Salah Abdeslam, główny podejrzany w szale, który zabił 130 osób w Paryżu w 2015 roku, mówi, że „nikomu nie skrzywdził”.
Salah Abdeslam, główny podejrzany w szale, w którym w skoordynowanych atakach w Paryżu w listopadzie 2015 r. zginęło 130 osób, powiedział francuskiemu sądowi, że nigdy nikogo nie zabił ani nie zranił.
Abdeslam, lat 32, powiedział w środę, że popiera Państwo Islamskie Iraku i Lewantu (ISIL lub ISIS) i nie można zaprzeczyć, że był na drodze do zostania wojownikiem.
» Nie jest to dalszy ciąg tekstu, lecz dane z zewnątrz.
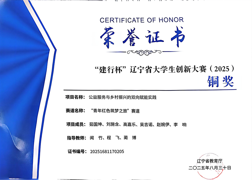 辽宁省大学生创新大赛中,支教团以“公益服务与乡村振兴的双向赋能实践”项目脱颖而出。获得“青年红色筑梦之旅”赛道铜奖。这一成果不仅是对九年支教实践的总结,更是对教育帮扶模式的升级探索。
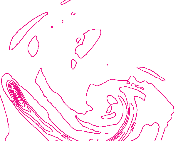 Geopotential height at 300 Shows the upper level low centre over NW part of Belarussia, with an associated upper level trough still detectable and extending from NW part of Belarussia towards NE.
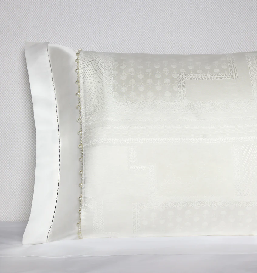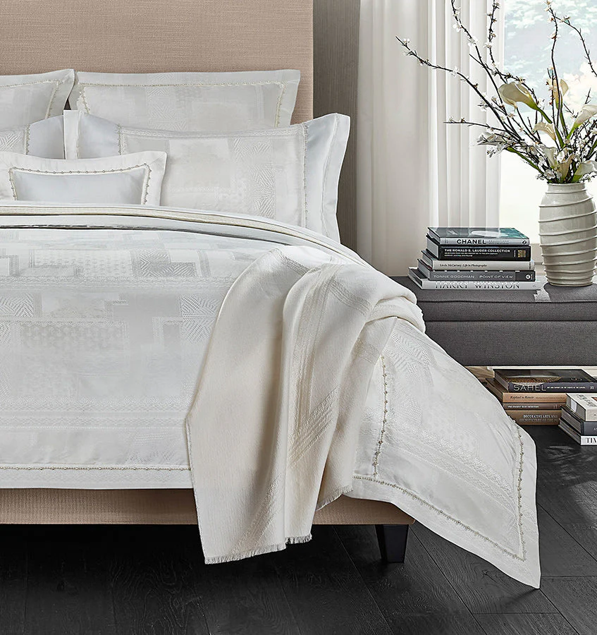 Вдохновленный изысканным люксовым кружевом Европы, Регина сочетает шелковые и льняные нити в великолепном жаккардовом узоре. Панели слоями покрыты кружевом, создавая тонкий эффект лоскутного шитья, и отделаны красивой жемчужной окантовкой, которая нежно отражает светлое сияние этой цветовой гаммы при свечах. Ограниченная серия из 5 экземпляров.
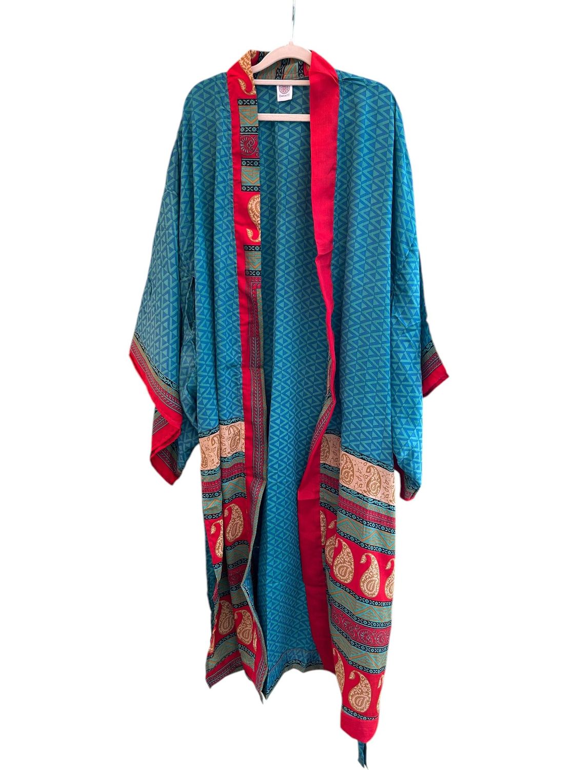 Kimono en seda, con cinturón, manga japonesa. Largo aprox 1,45 cm. Tejido fluido. Cada estampado es único
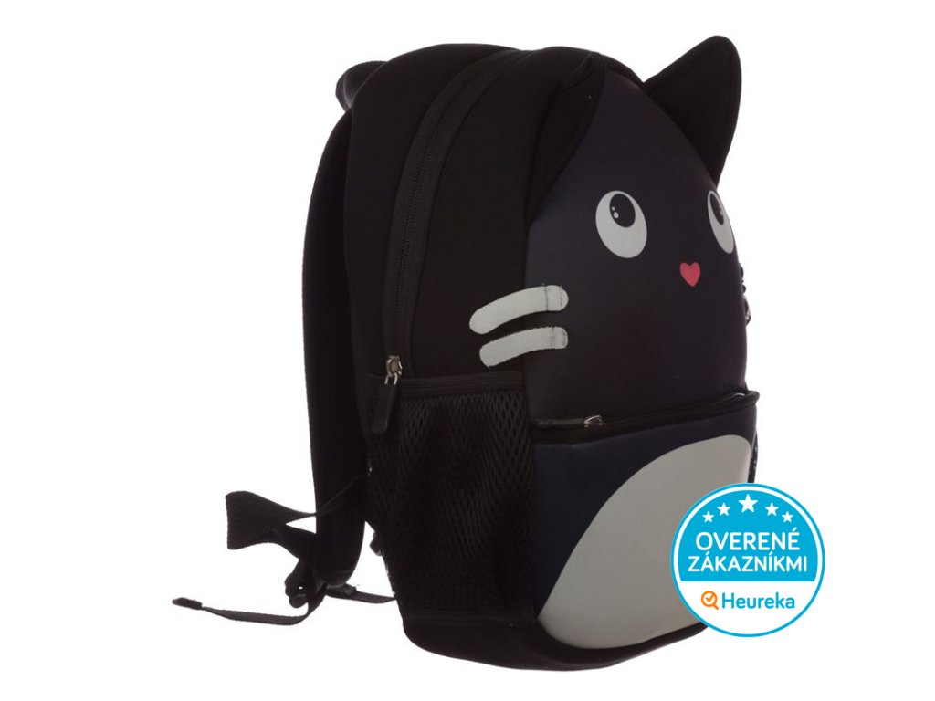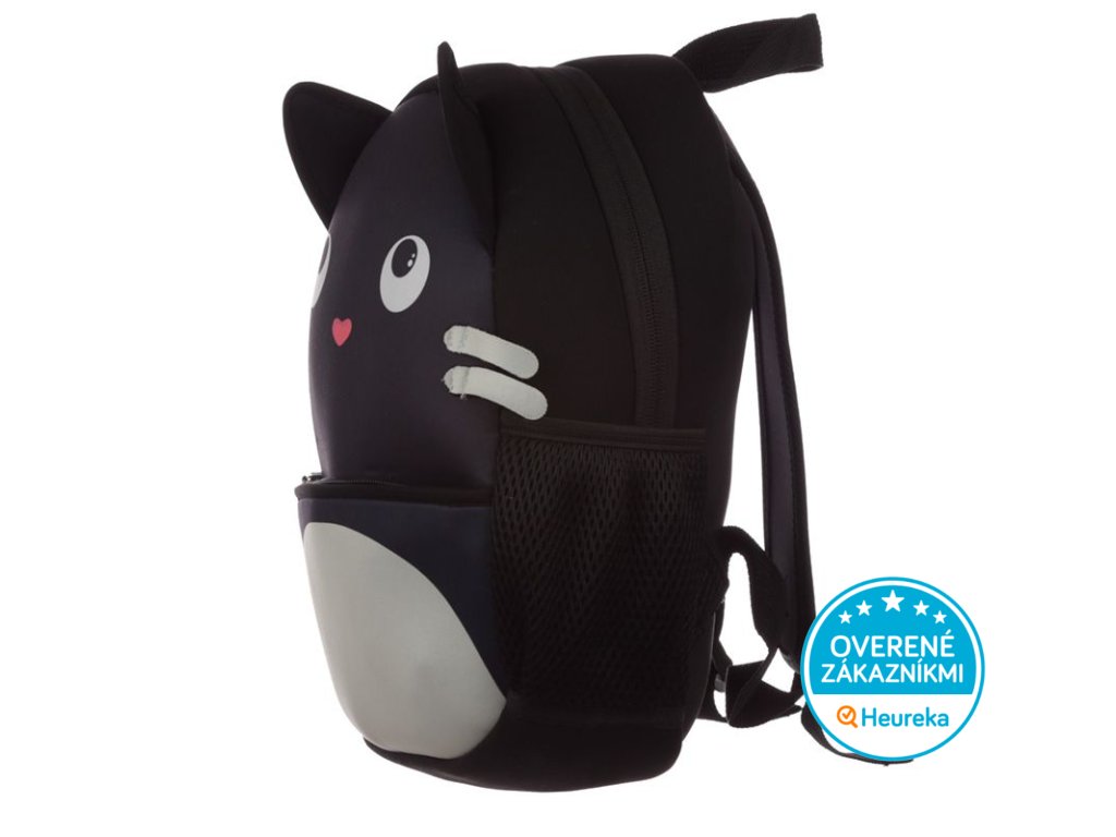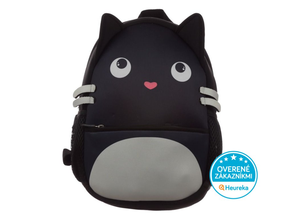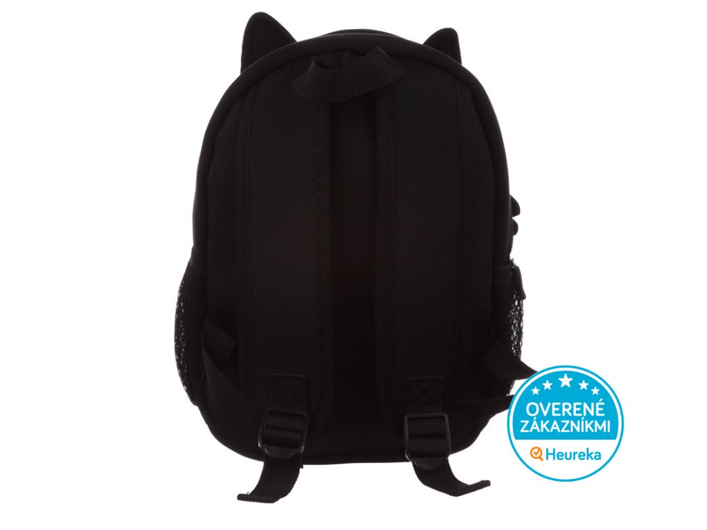 Neoprénový batôžtek v tvare čiernej mačičky s fúzikmi a uškami. Hlavné vrecko je na zips, predné vrecko tiež a po stranách sú dve sieťované vrecká. Perfektné do školy aj do mesta.
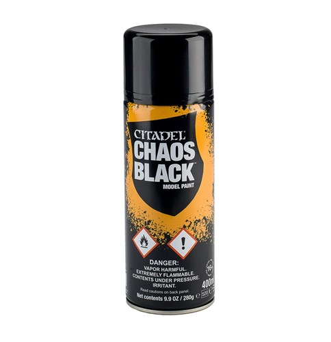 Citadel Chaos Black Spray er lavet til at basecoat miniaturefigurer af plast, harpiks og metal. Omformuleret for maksimale resultater, med en fantastisk sort farve, er det en hurtig måde at få en jævn farvegrundlag på dine modeller.. 400ml

Nie powiedział jednak, czy był zamieszany w skoordynowane ataki z użyciem broni i bomb, które były najbardziej zabójcze w powojennej Francji i wywołały wstrząs w całej Europie.
„Chciałem dzisiaj powiedzieć, że nikogo nie zabiłem i nikogo nie skrzywdziłem. Nie zrobiłem nawet zadrapania” – powiedział Abdeslam podczas przesłuchania w sądzie.
„To dla mnie ważne, aby to powiedzieć, ponieważ od początku tej sprawy ludzie nie przestali mnie oczerniać”.
Uważano, że francusko-marokański Abdeslam był jedynym żyjącym członkiem zespołu komandosów, który, jak sądzono, przeprowadził ataki z użyciem broni i bomb na sześć restauracji i barów, salę koncertową Bataclan i narodowy stadion piłkarski.
Był jedynym spośród 20 oskarżonych bezpośrednio oskarżonych o morderstwo, usiłowanie zabójstwa i wzięcie zakładników. Śledczy uważali, że jego kamizelka wybuchowa uległa awarii i że uciekł z francuskiej stolicy w kilka godzin po ataku.
Abdeslam starał się zdystansować od zespołu zabójców, którzy zginęli w wyniku ataków, co wydaje się sugerować, że w ostatniej chwili zmienił zdanie.
„W przyszłości, gdy ktoś wsiada do metra lub autobusu z walizką wypchaną 50 kilogramami materiałów wybuchowych iw ostatniej chwili zdecyduje: 'Nie robię tego', będzie wiedział, że nie może, ponieważ w przeciwnym razie zostanie zamknięty lub zabity” – powiedział.
Abdeslam nie został jeszcze przesłuchany w sprawie jego rzekomej roli w atakach. Nigdy nie wyraził publicznie skruchy za krew przelaną w nocy 13 listopada 2015 roku.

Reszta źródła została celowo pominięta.